It was sometime during the turn of this millennium,
that I came back home from school to see a new kids’ channel playing on my
television set. Out of curiosity, I watched as the story unfolded about a young
wallaby that moves from Australia to America and has a temperamental toad for a
neighbour and a naive steer and a nerdy turtle for best friends. That was
Rocko’s Modern Life and as I watched the theme song end with its signature
“SPUNKYYYYYYYYYYYYYYY!” I realised that I was reckoning with a new generation
of cartoons- cartoons featured exclusively on Nickelodeon. Nicktoons.
Not to say that I moved away from Hanna-Barbera, Looney
Tunes, Merry Melodies and the like. They shall remain evergreen classics. But
you had to admit that Nicktoons had a certain novelty to them. While Cartoon
Network was vintage at its very best, Nickelodeon was, shall we say, more
contemporary and modern in its content. Even though the channel’s fortes were
comedy sketch shows, game shows and teen-centric dramas, its animated features
also had a sizable audience.
If you grew up in what I like to call the Harry Potter
generation, then you must’ve seen shades of Harry, Ron and Hermione in Krumm,
Ickis and Oblina of Aaah! Real Monsters!
A school for training monsters in scaring, a headmaster whose name
rhymes with the first syllable of the name of his wizarding counterpart – hard
not to draw parallels. And if you’re an animal lover like me, then you would’ve
loved tailing Eliza of The Wild Thornberrys in talking to amnesiac
hippopotamuses and llamas that raised curious points of self-existentialism.

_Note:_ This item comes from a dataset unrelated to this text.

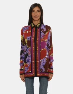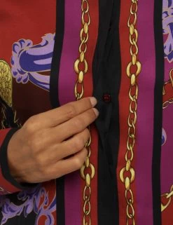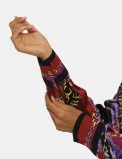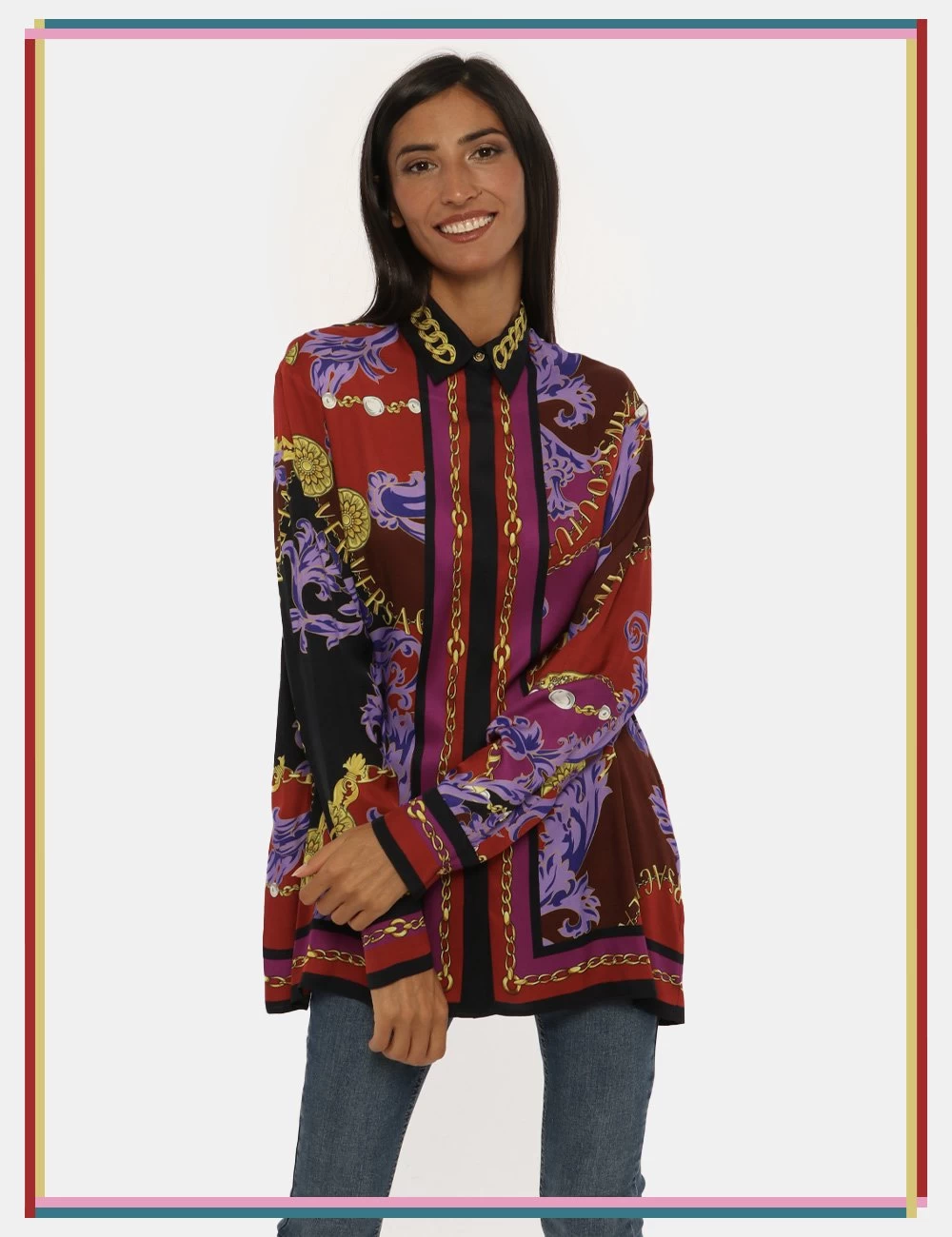 Camicia in viscosa ed in total fantasia sgarciante tendente al rosso e viola. La vestibilità è morbida e pratica grazie a bottoni ad asola in tinta. La camicia è adatta per occasioni casual e serate vivaci. Troppo fashion per non averla. L’articolo appartiene al campionario esclusivo di stagione: pezzo unico.

Personally, I never really like Rugrats but it was a
heavyweight as far as Nicktoons were concerned. I suppose it’s endearing that a
bunch of babies can be such thick friends, following a policy of “When one of
us has gots a problem, all of us has gots a problem!” The follow-up, All Grown Up, probably lost
its charm because they were <refer to title of the show>. For people who
couldn’t make up their minds whether they prefer cats to dogs or vice versa,
they were merged together in a bizarre creation called CatDog. Again, not
captivating enough for me, possibly because Cat always got the short end of the
stick and my nepotism for felines was quite well developed at that time.

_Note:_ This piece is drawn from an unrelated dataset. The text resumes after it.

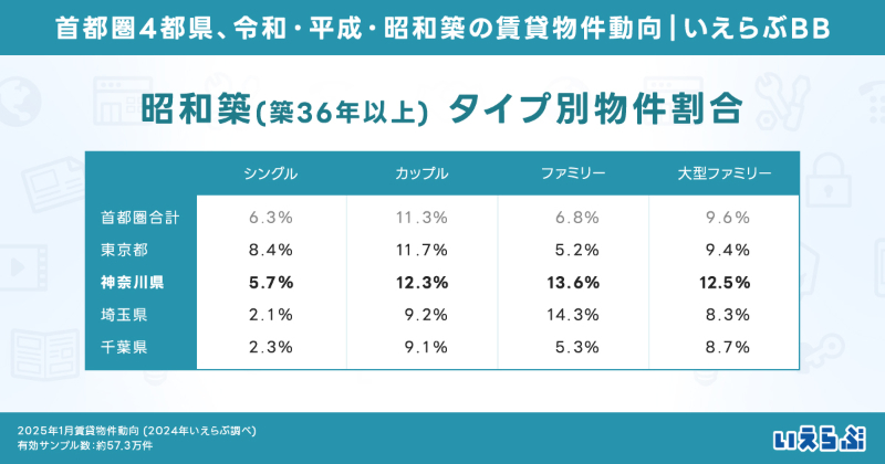 【2.カップルタイプ】神奈川県で昭和築物件12.3%で最多

If you wish to know the difference between ‘strange’
and ‘weird’, watch Ren & Stimpy, which was both. And not in a nice way
either. But strange and weird in a good way was Kablam! Watching a show about a comic book where
Henry and June present a show on short animated features like Action League
Now, Sniz and Fondue, Prometheus and Bob etc. was convoluted and curiously cool
as well!
But I’ll list Hey Arnold! and The Angry Beavers as my
favourites. I can’t explain what exactly fascinates me about the everyday
trials of a football-shaped head boy and his small town friends or two beavers
that’re not really that angry and introduced a new word in my vocabulary,
spooty. Cartoons don’t necessary involve rational thought processes and I don’t
think liking them should either.
Hence ends the first generation of Nicktoons. The
coming years saw the introduction of shows like Rocket Power, The Adventures of
Jimmy Neutron, As Told By Ginger etc. They were fresh but not exactly
refreshing in my opinion. Apart from engendering an idle interest in daredevil
sports, enlightening me that robotic dogs can be named Goddard and attempting
to portray the adolescent challenges faced while growing up, none of them made
a lasting impression.
Until I was
doused generously by someone who lives in a pineapple under the sea. That’s
right, absorbent and yellow and porous was he. He’s none of that nonsense, he’s
something you wished. And he dropped on the deck and flopped like a fish!
Spongebob Squarepants seemed to me to be the last of the Nicktoons. Nothing
that came along with it or after it could recapture and retain that brand’s
charm. Not The Fairly Odd Parents. Not Chalk Zone.
That was at least bearable. Then the channel was seized
by rabid Indianisation and we lost all the good ones. You don’t see any of the
90’s stuff playing anymore. You now get outlandish cartoons with outlandish
names like Ninja Hattori, Oggy and the Cockroaches or Keymon Ache, which sounds
Bengali for “How is it?” To which I reply, not good at all!